# Richard Purkiss



## Captain2 (Feb 22, 2008)

Anyone know a Richard Purkiss sailed with Ellerman Lines as a cadet.
Spent sometime stuck in the Suez Canal during the troubles


----------



## david harrod (Feb 22, 2006)

Captain2 said:


> Anyone know a Richard Purkiss sailed with Ellerman Lines as a cadet.
> Spent sometime stuck in the Suez Canal during the troubles


Did he use to work wirth the WA Department of marine and harbours?

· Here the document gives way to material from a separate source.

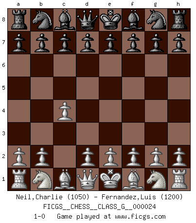 Last move : 1-0 2008 December 9 1:58:19 [Event "FICGS__CHESS__CLASS_G__000024"] [Site "FICGS"] [Date "2008.10.22"] [Round "1"] [White "Neil,Charlie"] [Black "Fernandez,Luis"] [Result "1-0"] [WhiteElo "1050"] [BlackElo "1200"] 1.c4 1-0 This chess game has been lost on time (started : 2008.10.22 17:45:43) English Opening Player White won this chess game. Follow this game move after move (download)Look at Garry Kasparov. After he loses, invariably he wins the next game. He just kills the next guy. That's something that we have to learn to be able to do. (Maurice Ashley) Über Karpov: Er war und ist ein Vertreter der russischen Reaktionäre. Das steckt tief in seiner Seele, wehalb ich nicht nett mit ihm umgehen kann. (Viktor Kortschnoi) Siempre es mucho mejor sacrificar las piezas de tu oponente. (Savielly Tartakover) Horreur, mais aussi harmonie suprême : qu'y avait-il en effet au monde en dehors des échecs ? Le brouillard, l'inconnu, le non-être... (Vladimir Nabokov) They say poker is a zero-sum game. It must be, because every time I play my sum ends up zero. (Max Shapiro)

If so, I know him...what years was he in Ellermans?


----------



## Captain2 (Feb 22, 2008)

David 
That is definitely him I believe he lives in perth or freemantle
If I remember correctly he was in Ellermans 55/56


----------



## david harrod (Feb 22, 2006)

When I get back to work on Tuesday, I will contact him and let him know you are looking for him, he is active in the WA branch of the Company of Master Mariners...


----------



## Captain2 (Feb 22, 2008)

Sorry so long getting back to you David re Richard He lived almost next door to me in Heston Middx and actually came to me before becoming a cadet.
Caught up with him in Sth Africa when I visited him on board one of the Ellerman Ships (Loss of memory) my name is Michael Eadon.
His sister was on the stage


----------



## retraite (Oct 6, 2011)

Richard (Dick) Purkiss under John Parker

Taken aboard the City of Glasgow 1964

See attached


----------



## Fergus 62 (Jun 7, 2004)

Any of you gentlemen on "City of Glasgow" Aug63 - Jan64 and Jun65 - Oct65 both Far East trips ? Somewhere in the back of my memory Richard Perkiss' name rings a bell.

Fergus 62


----------



## Eric Wright (Mar 3, 2013)

Richard Perkiss was C/O on City of Brisbane about Aug '65 to Aug '66 . I was 3/O we joined in New York ( shipped out to join on the Queen Elizabeth) on MANZ . He got married in Sydney on our 2nd leg and his wife travelled back with us to the UK. The last time I met them was at my wedding in late Aug '66. Eric Wright


----------